The graphic visualization of the pulse occasionally has some scaling issues. As part of the AppInventor library, it would be useful to develop a robust component to display real-time 1D signals. Not only it could facilitate the visualization of the pulse or the HR, but also the visualization of EEG channel output , galvanic skin response, motion, temperature, pressure, ...
Possibility to log on the phone the raw pulse data for latter analysis; it would require a modest amount of changes to the App's code and, in comparison to logging HR data, about 10 to 20 times the amount of storage on your phone. Watching and storing the pulse for a few minutes would probably not impact the circuit's batteries significantly; for a whole night however, it would likely be a different story.
Evaluate the power consumption of the circuit under different circumstances.
Step 7: Source Code and Comments
Arduino, AppInventor and Python source code can be found on GitHub.
To modify and run the arduino code, in addition to have an arduino board, you need to install on your PC the Arduino IDE. You will also need to have some basic knowledge of the C programming language; you can find a lot of online tutorials.
You can directly install the App on your Android phone by downloading to your phone the "ZazHRM.apk" file found on GitHub.
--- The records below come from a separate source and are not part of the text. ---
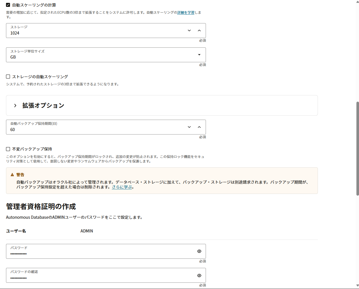 GB - ストレージの自動スケーリング:チェック・オフのまま。
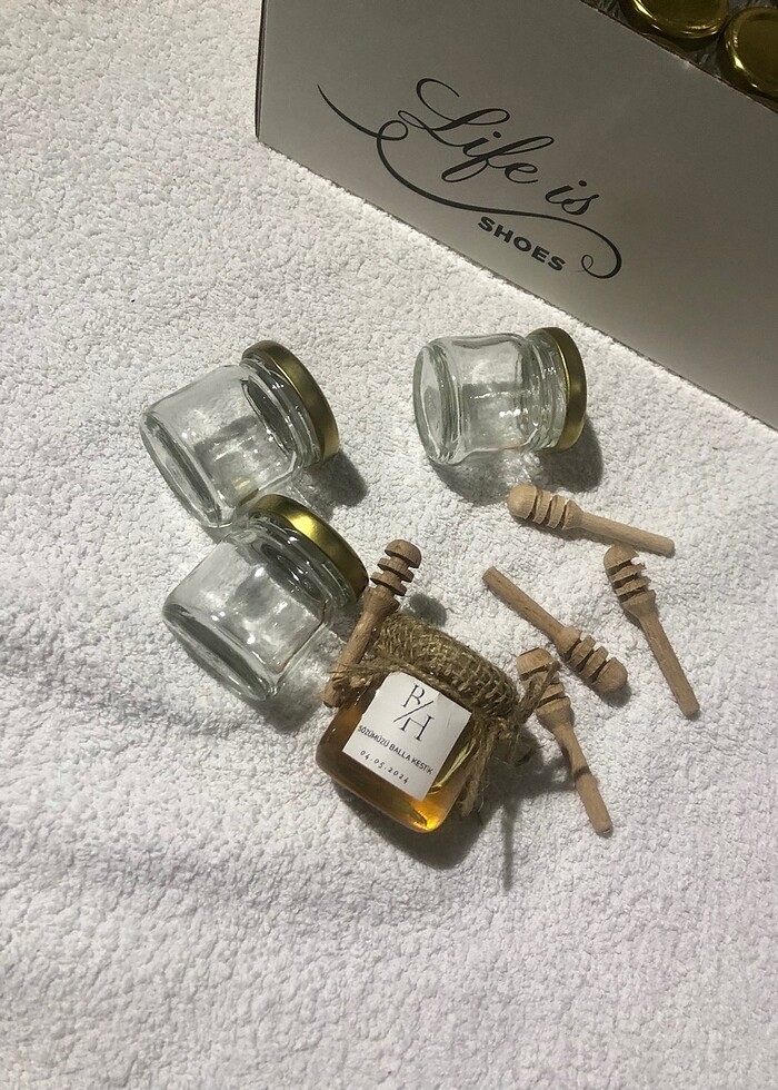 Size özel süslenmiş hali ile adet fiyatı 32tl dir Boş hali ile elimde toplam 20 şişe vardır kapaklı adet fiyatı 8 tl Bal kaşığı toplam 17 adet adet fiyatı 5 tl dir KİŞİYE ÖZEL HAZIRLANMASI İÇİN saryatasarimm instagram hesabından yazabilirsiniz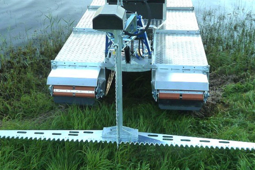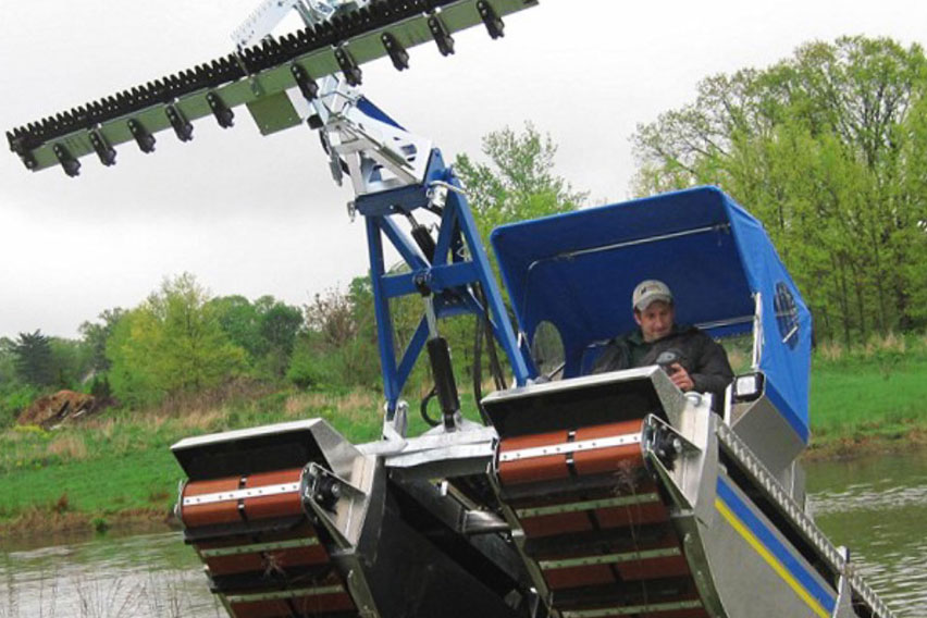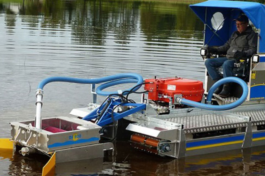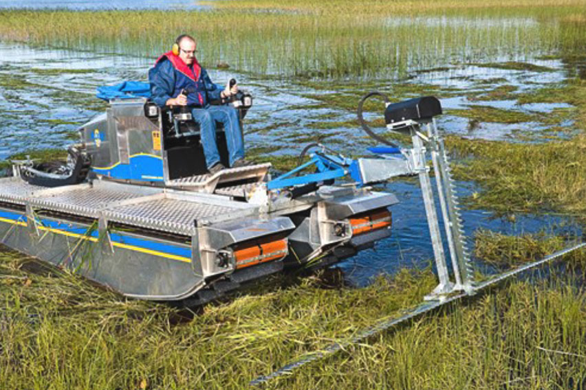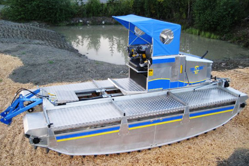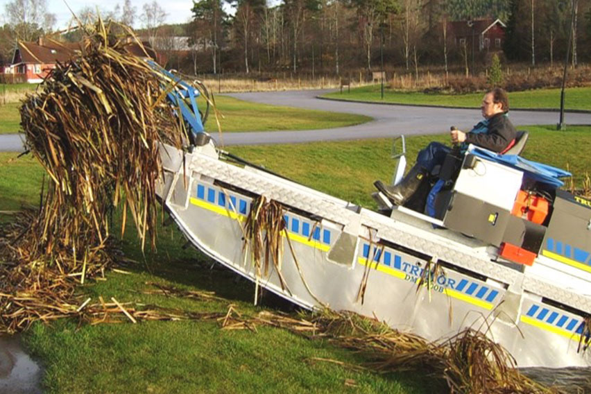 Kétéltű, multifunkcionális, úszó munkagéppekkel végezzük a vízinövények - sás, nád, gyékény, hínár, sulyom - vágását, gyűjtését, rakodását, szállítását és iszapszivattyúzást, olajszennyeződések eltávolítását.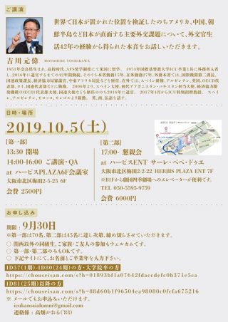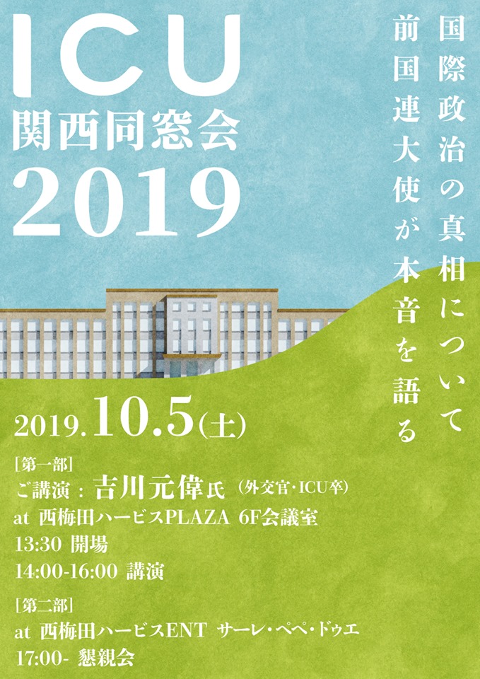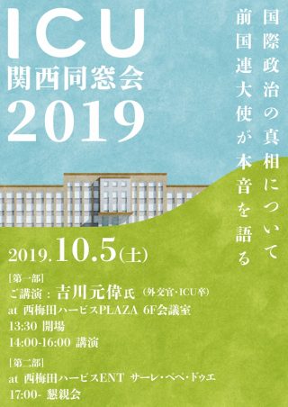 京都・大坂・神戸と三都を巡るICU関西同窓会は今年秋、JR大阪の駅チカ、西梅田で開催します。今回は、ICUでクラスも持っておられる前国連大使の吉川元偉さんにおいでいただけることになりました!一期から最近卒業した方まで幅広く参加いただき、関西らしく笑いの絶えない同窓会ですが、今年はホットなテーマで貴重なお話を聞くことができると存じます。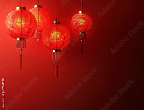 Vibrant red Chinese lanterns glowing brightly against a festive background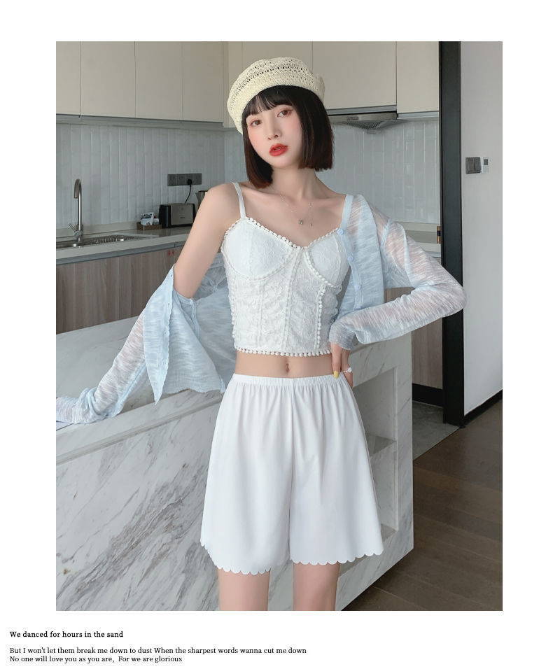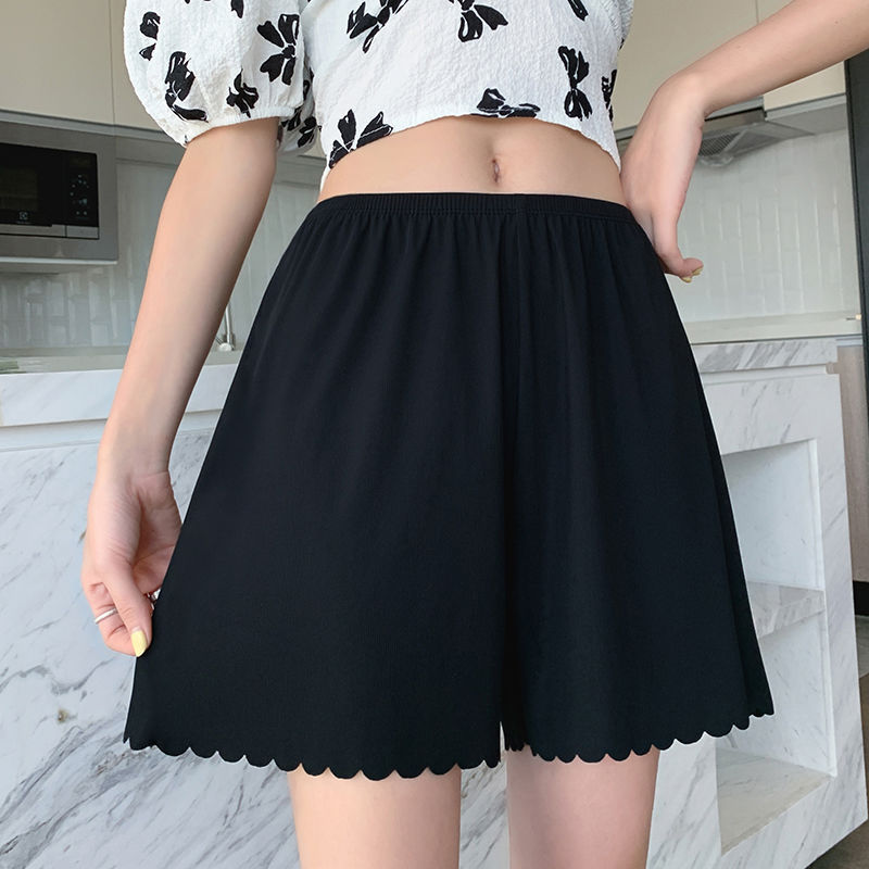 안전 바지 여자의 여름 얇은 눈부심 방지 레깅스 아이스 실크 원활한 비 컬링 느슨한 겉옷 플러스 사이즈 3 점 반바지

Another way is to load on your PC the source code in the AppInventor environment: go to the App page, click “Load App into MIT App Inventor” and, as shown at the beginning of the demo video, load the App to your phone via a QR code. In order to scan the QR code, you also need to install from Google Play Store the MIT AI2 Companion App on your Android phone. To see the comments in the AppInventor code, you need to press on the question mark located at upper left corner of some blocks. If you find it intimidating to directly modify the App, maybe you can first enjoy doing a few tutorials.
For the Python code, you can have a look at the html file, hrAnalysis.html. To modify the code you need to install Python and Jupyter, or an Anaconda release. Python is easier to learn than C, and you can also find a lot of online tutorials.
Step 8: Warnings
ZazHRM is not a medical device nor is it intended for medical diagnosis and is provided to you "as is," and no express or implied warranties are made whatsoever with respect to its functionality, operability, or use, including, without limitation, any implied warranties, fitness for a particular purpose, or infringement.
ZazHRM is designed to take power from a low-voltage DC source, i.e. 9 volt batteries. The Arduino Uno board needs to be connected to a laptop while uploading the code from the laptop to the Arduino Uno board, or when experimenting (for example) to compare the quality of the signal between the App and the Arduino environment. NEVER connect the PulseSensor to your body while the laptop is plugged to the wall outlet.
ZazHRM is not intended to be complete in terms of required design, marketing, and/or manufacturing related protective considerations, including product safety and environmental measures typically found in end products that incorporate semiconductor components or circuit boards.